-- What you need to do --
Print nothing beyond the line with "Ежедневник датированный 2026, А5, 138х213": every line from the beginning of the data up to it, that line included, and no pictures.

***** Listed entries *****

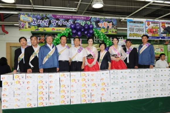 김천시(시장 박보생)에서는 21일(화), 김천포도 특별기획행사로 농협 하나로클럽 서울 양재점과 성남점에서 대대적인 판촉활동을 가졌다.
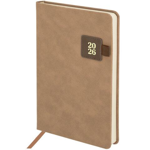 Ежедневник датированный 2026, А5, 138х213 мм, BRAUBERG "Essential", под кожу, держатель, бежевый, 117396
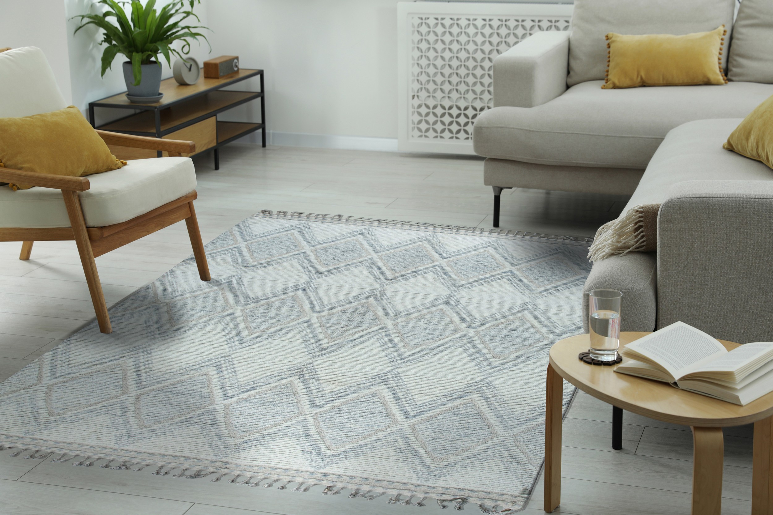 The palette is deliberately subtle, utilizing soft, tonal variations of cream, pale grey, and warm beige. This neutral foundation allows the rug to harmonize effortlessly with diverse furnishing styles, from minimalist Scandinavian to layered maximalism. Explore our curated selection of ivory and beige rugs to find the perfect complementary piece for your living area or bedroom.
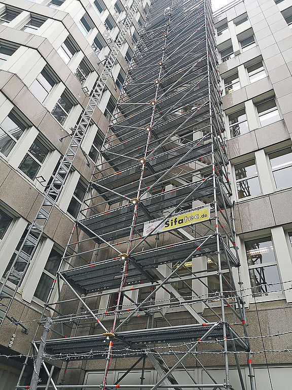 Um für die hochgelegenen Arbeitsplätze einen sicheren Zugang zu gewährleisten, wurde das Gerüstbau-Konzept um einen Treppenturm und einen Bauaufzug aus dem Hause Sifatec ergänzt. Zum einen vereinfachte dies den Materialtransport zur Dachfläche, da dieser über den Innenhof des Fachgerichtszentrums abgewickelt werden musste. Zum anderen diente der Treppenturm den Handwerkern während der Bauphase als Fluchtweg bei drohender Gefahr, zum Beispiel im Falle eines Brandes oder eines Unwetters. Um unbefugtes Betreten zu vermeiden, erhielt die Konstruktion zusätzlich eine Einhausung.
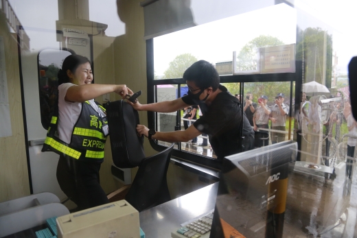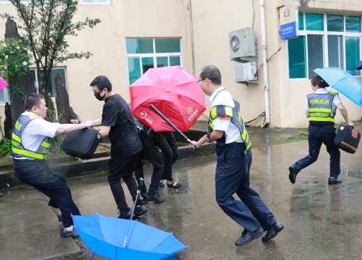 隨后,多名參演員工冒雨模擬收費(fèi)崗?fù)ず土嘘?duì)下崗遭遇“歹徒”搶劫的情景開(kāi)展防盜搶演練?,F(xiàn)場(chǎng),2名蒙面歹徒執(zhí)仿真刀、軟棍威脅收費(fèi)員交出現(xiàn)金,危機(jī)之中,收費(fèi)站立即啟動(dòng)應(yīng)急處置預(yù)案并報(bào)警求助,收費(fèi)員有效與歹徒周旋,應(yīng)急處置組人員迅速攜鋼叉、橡膠棒、勞動(dòng)工具等赴現(xiàn)場(chǎng)支援,值班領(lǐng)導(dǎo)、收費(fèi)班長(zhǎng)、監(jiān)控員合力協(xié)作應(yīng)對(duì)歹徒,防盜搶演練順利結(jié)束。
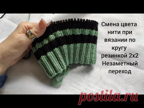 Смена цвета нити при вязании по кругу резинкой 2х2
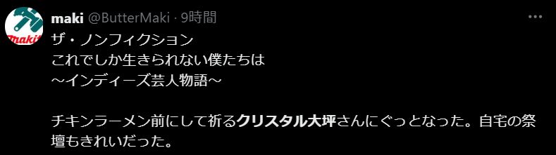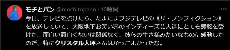 【ザ・ノンフィクション】に出演し、注目を集めているお笑い芸人「クリスタル大坪」さん。
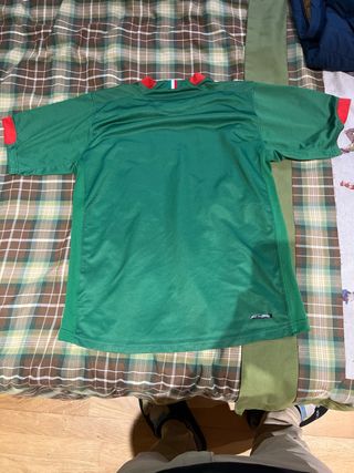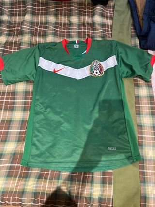 Camiseta de fútbol retro de México. - Color verde. - Diseño con banda blanca y detalles rojos. - Logo de Nike y escudo de México.
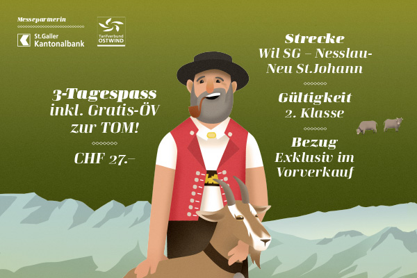 Mit dem neuen 3-Tagespass kostenlos und bequem mit dem öffentlichen Verkehr an die Toggenburger Messe – ganz ohne Parkplatzsuche und ohne zusätzliche Kosten für die Anreise. Der ÖV ist im Ticket inklusive und gilt während der gesamten Messedauer für maximale Flexibilität. Der Pass ist gültig vom 1.–3. Mai 2026 und deckt die Strecke zwischen Wil SG und Nesslau-Neu St. Johann sowie einen Teil des Neckertals (Ostwind-Zonen 364, 365, 366, 915, 916, 974, 975) in der 2. Klasse ab. Der Ticketpreis beträgt CHF 27.– für den 3-Tagespass inklusive ÖV-Ticket, und das Ticket ist ausschliesslich im Vorverkauf erhältlich.
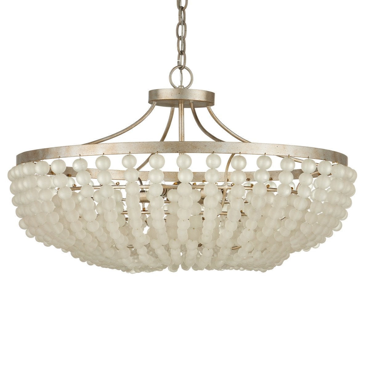 The Chanteuse Semi-Flush Mount adds a touch of elegance to any room with its eye-catching design. It features two cascading rows of ivory glass beads that vary in size, all supported by a sturdy wrought iron frame. The frame is finished in a sophisticated Silver Granello, providing a chic and refined look. This lighting fixture not only enhances the décor but also creates a warm atmosphere with its soft, diffused light. Its versatile design allows it to fit seamlessly into various spaces, whether installed as a semi-flush mount or a chandelier.
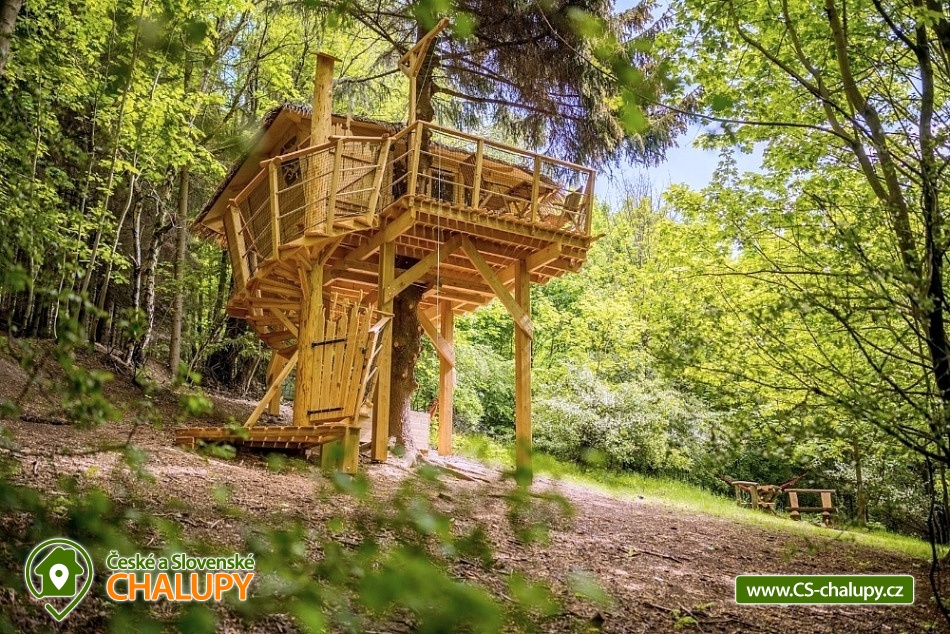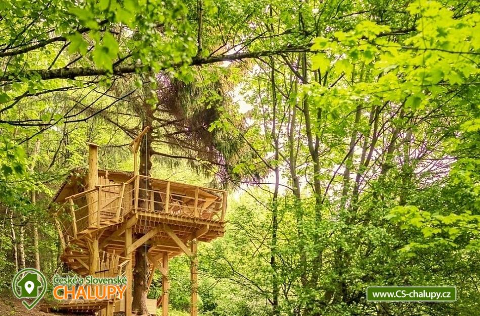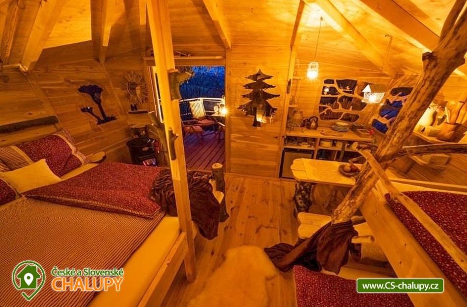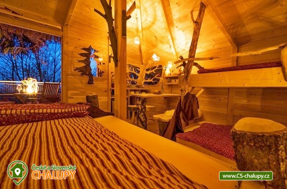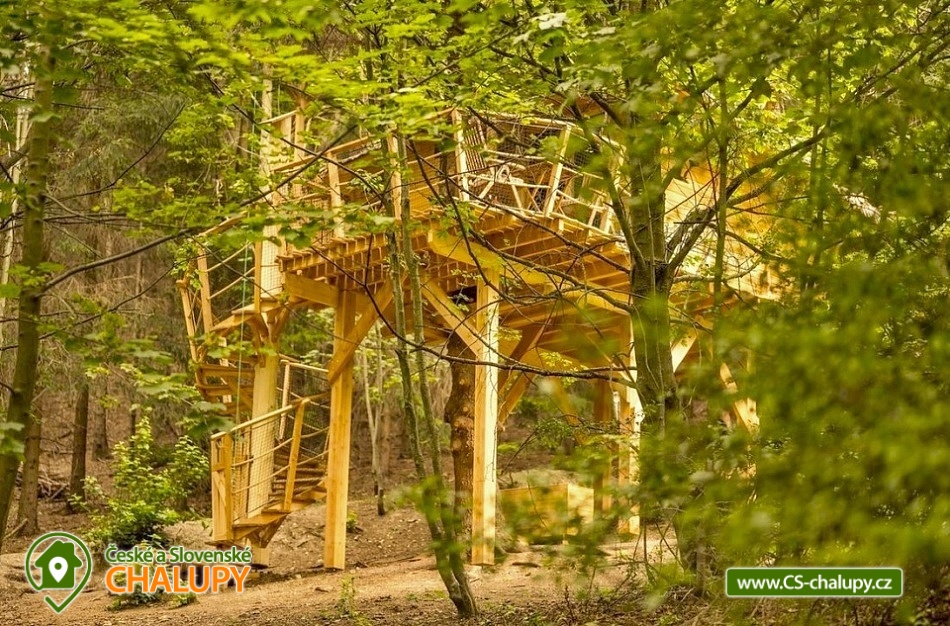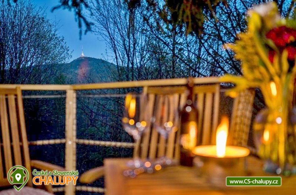 Glamping v lese - Treehouse a sauna - výhled na Ještěd. Treehouse nabízí unikátní typ trávení dovolené vysoko v koruně majestátního smrku, s úžasným průhledem z prostorné terasy na dominantu hory Ještěd a do ševelících listů stromů hustého lesa. Užívat si můžete také venkovní saunu. Treehouse je bez elektrické energie, přesto luxusně vybaven. Je postavený v dokonalém souladu s okolní hornatou přírodou a připravený poskytnout maximální komfort tak, abyste byli ze zážitkového ubytování skutečně "na větvi". Prostor poskytuje příjemné ubytování se snídaní pro až 4 osoby (z toho max. 3 dospělí) – celkem pro 2 osoby na manželském lůžku s výhledem do korun stromů přímo z postele, a 2 osoby na útulné patrové posteli. Treehouse je vybavený kuchyňským koutem s jednoplotýnkovým vařičem, malou lednicí, kompletní sadou nádobí a jídelním stolkem s lavicí. Po domluvě lze naplnit lednici vyzrálým naloženým masem, grilovací zeleninou nebo marinované sýry na gril s rajčátky. Ráno pro vás může být připravena snídaně (čerstvé pečivo, sýry a uzeniny, poctivý jogurt s cereáliemi nebo míchaná vejce s cibulí a slaninkou a k tomu domácí čaj nebo vynikající káva). Zatopit si můžete ve stylovém litinovém krbu s automatickou funkcí, který večer dokreslí útulnou atmosféru a spolehlivě vyhřeje treehouse v chladnějších nocích. Objekt není napojen na elektřinu ani vodu, přesto si večer lze posvítit led svítidly a vykoupat se můžete v přírodní lesní sprše se studenou vodou nedaleko vyhlídkového posedu. Voda do přírodní sprchy je čerpána z pramene přímo na pozemku. Zásoba pitné vody je samozřejmostí. V korunách stromů, se také nachází ekologické WC. Tradiční kadibudka v soukromí lesa se nachází nedaleko. Během ubytování je k dispozici káva, čaj, cukr, sůl, koření, smetana, ručníky, osušky, vymazlené chodící spací pytle (pohodlné posezení na terase i za chladnějších nocí), svíčky, pepo, zapalovače a knihovnička. Wellness v srdci přírody si lze užívat v privátní sudové sauně s kamny na dřevo. Venkovní posezení na stylovém lesním nábytku je doplněno o ohniště a grilovací mříž. Dřevo si můžete naštípat sami. Sekyrka a pilka je k dispozici. K prozkoumávání okolí poslouží dalekohled, kterým dohlédnete až na vrchol Ještědu. K pozorování si můžete udělat výbornou kávu, kterou si připravíte v moka konvičce. Večer si můžete zpříjemnit s některou ze zábavných stolních her nebo můžete skočit do luxusních spacích pytlů a se sklenkou pozorovat noční Ještěd i při chladnějších dnech. Vyzkoušet můžete i svůj balanc na Slackline, nebo svoji pevnou ruku při lukostřelbě. Parkovat lze 800 m od Treehousu. V okolí Treehousu možnost turistiky, cykloturistiky, koupání, houbaření, rybaření a lyžování. V blízkosti je také jízdárna, golfové hřiště a in -line stezka. Nedaleko Treehousu se nachází Lesopark Horka - volnočasový areál pro celou rodinu. Po domluvě lze zajistit vyhlídkový let anebo jízdu na koloběžkách z Ještědu, kolem treehousu až do Kryštofova údolí. Napojení na turistickou Ještědskou hřebenovku je vzdálené necelých 150m lesní pěšinou. Z ní vedou nepřeberné cesty Ještědským přírodním parkem. Mezi možnosti koupání patří např.: vodní nádrž Hamr na Jezeře, koupaliště Kryštofovo Údolí, aquapark Centrum Babylon - Liberec, plavecký bazén Liberec, Vesecký rybník - Tajch, přehrada Harcov, koupaliště Obří sud - Javorník, vodní nádrž Horka - Stráž pod Ralskem, atd. V zimním období blízká lyžařská střediska: Ještěd, Světlá pod Ještědem, Dolní Pláně, Vesec, Obří sud - Javorník. K výletům láká příroda Jizerských hor, Ještěd, ZOO a Botanická zahrada Liberec, Kryštofovo údolí, Kouzelné Lázně Kundratice, Zámek Nový Děvín či Zámek Nový Falkenburk. Přijeďte si odpočinout od shonu všedního života, nabrat síly a zažít něco nevšedního. Těšíme se na Vás u nás.
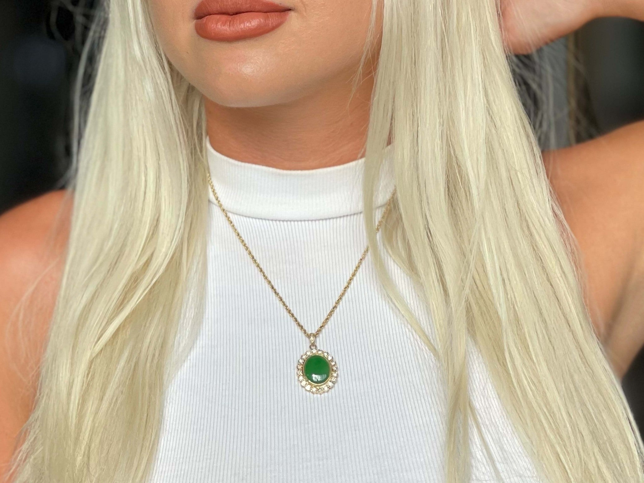 (Actual color of jade may slightly vary depending on screen calibration, lighting or camera settings. Please see image of pendant on model for more accurate color.)
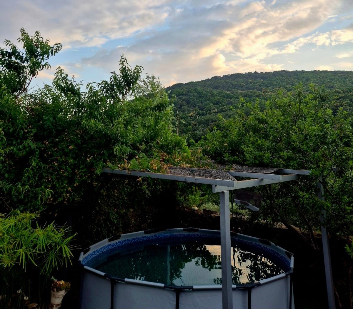 Casita turística rústica en plena naturaleza, en finca particular totalmente cerrada, muy cerquita del pueblo con increíbles vistas al valle y a la montaña, a los pies de la montaña Abandera y cerca de la sierra de gredos o las cuevas del águila, ideal para hacer senderismo o relajarse. Desde la misma puerta sales al GR180. A 500 Metros de la garganta Eliza y 1,5 Kilometros de su presa. Bonito lugar para compartir en pareja o en familia.
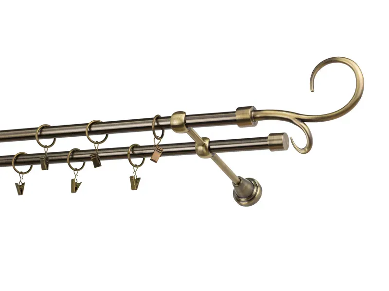 Dvojradová garniža s povrchovou úpravou - odtieň antik (matné zlato). Celokovové garniže s kvalitnou povrchovou úpravou - galvanické pokovovanie. Galvanické pokovovanie zabezpečuje vyššiu povrchovú tvrdosť, zvýšenú dolnosť voči poškriabaniu, hladký povrch. Dodávané sú v kompletoch.

*****

-- Expected output --
 김천시(시장 박보생)에서는 21일(화), 김천포도 특별기획행사로 농협 하나로클럽 서울 양재점과 성남점에서 대대적인 판촉활동을 가졌다.
 Ежедневник датированный 2026, А5, 138х213 мм, BRAUBERG "Essential", под кожу, держатель, бежевый, 117396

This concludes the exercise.